##### Data below

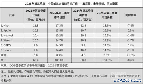 但爆款的色泽难掩靠近的举座增长挑战。IDC数据露出,2025年三季度荣耀重返中国市集前五,与OPPO并排,市集份额14.4%,同比仍下滑2.1%。本年度后三个月的事迹现在尚未成定论,不外要重返前三,压力不小。
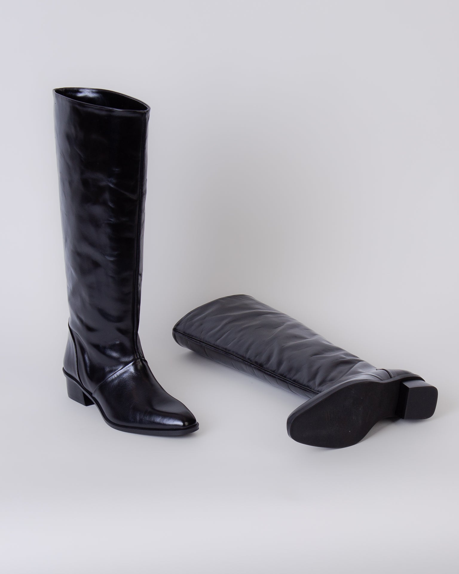 Augusta, stivale donna SARAH BLACK nero, tomaia in pelle con tacchetto. La scarpa scattata è una taglia 38
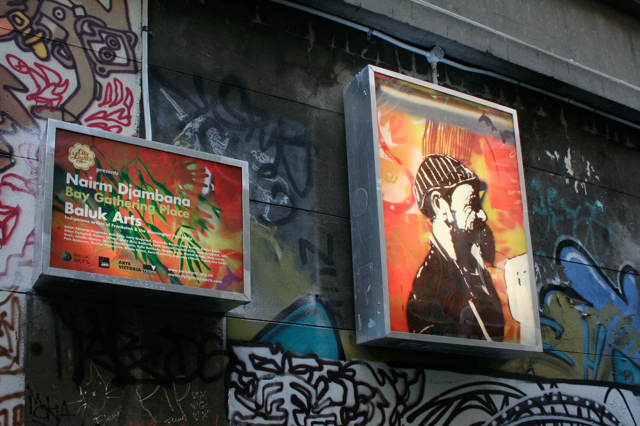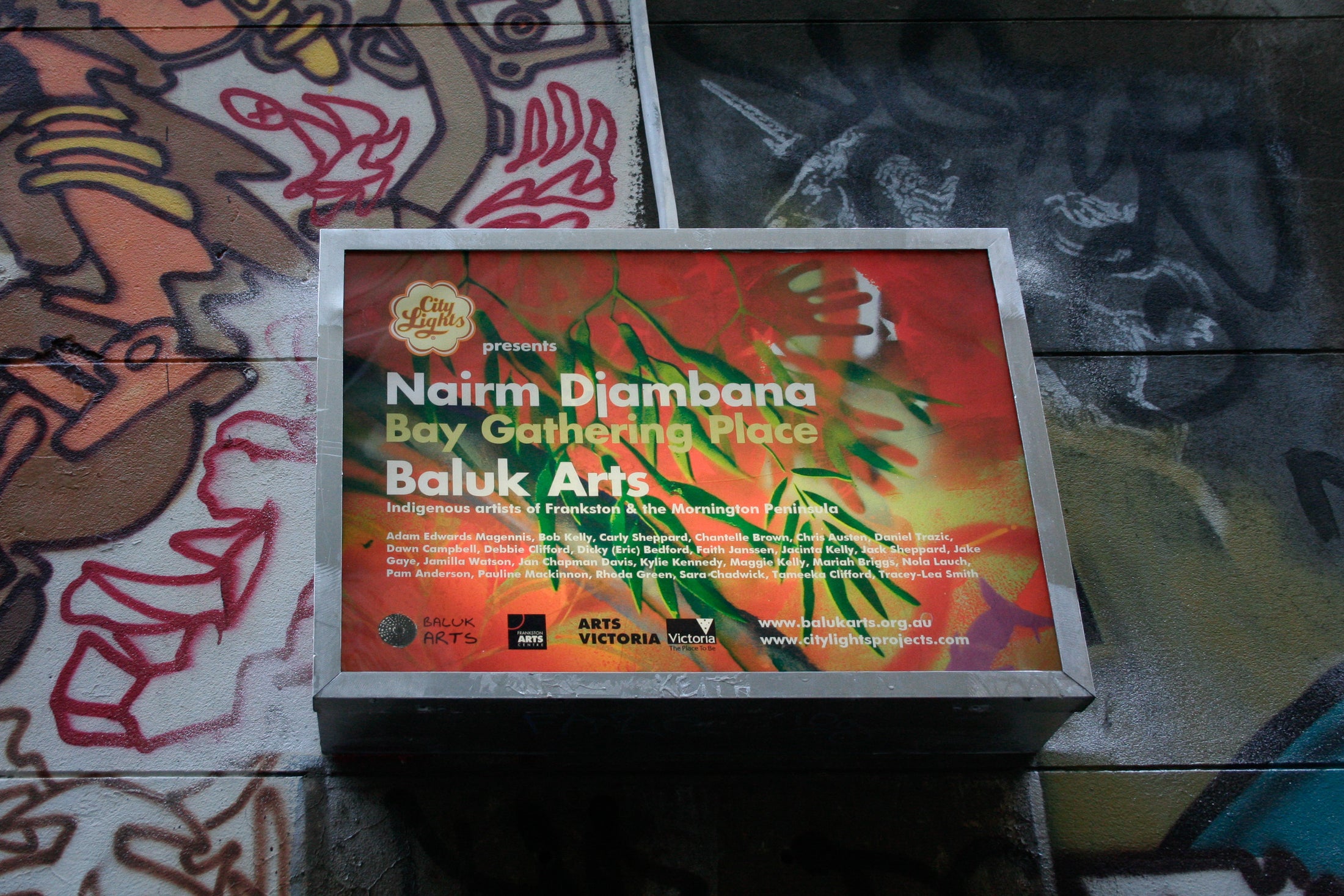 Nairm Djambana is an exhibition of stencil works produced by Frankston and Mornington Peninsula Aboriginal artists in 2009, in workshops commissioned by Baluk Arts and Frankston Arts Centre and facilitated by Amac of Citylights-Until Never.

##########

__Aim of the task__. Set down again, exactly, the lines of the material above from its first line to the one with "Augusta, stivale donna", inclusive. Leave the pictures out.

__The answer__.
 但爆款的色泽难掩靠近的举座增长挑战。IDC数据露出,2025年三季度荣耀重返中国市集前五,与OPPO并排,市集份额14.4%,同比仍下滑2.1%。本年度后三个月的事迹现在尚未成定论,不外要重返前三,压力不小。
 Augusta, stivale donna SARAH BLACK nero, tomaia in pelle con tacchetto. La scarpa scattata è una taglia 38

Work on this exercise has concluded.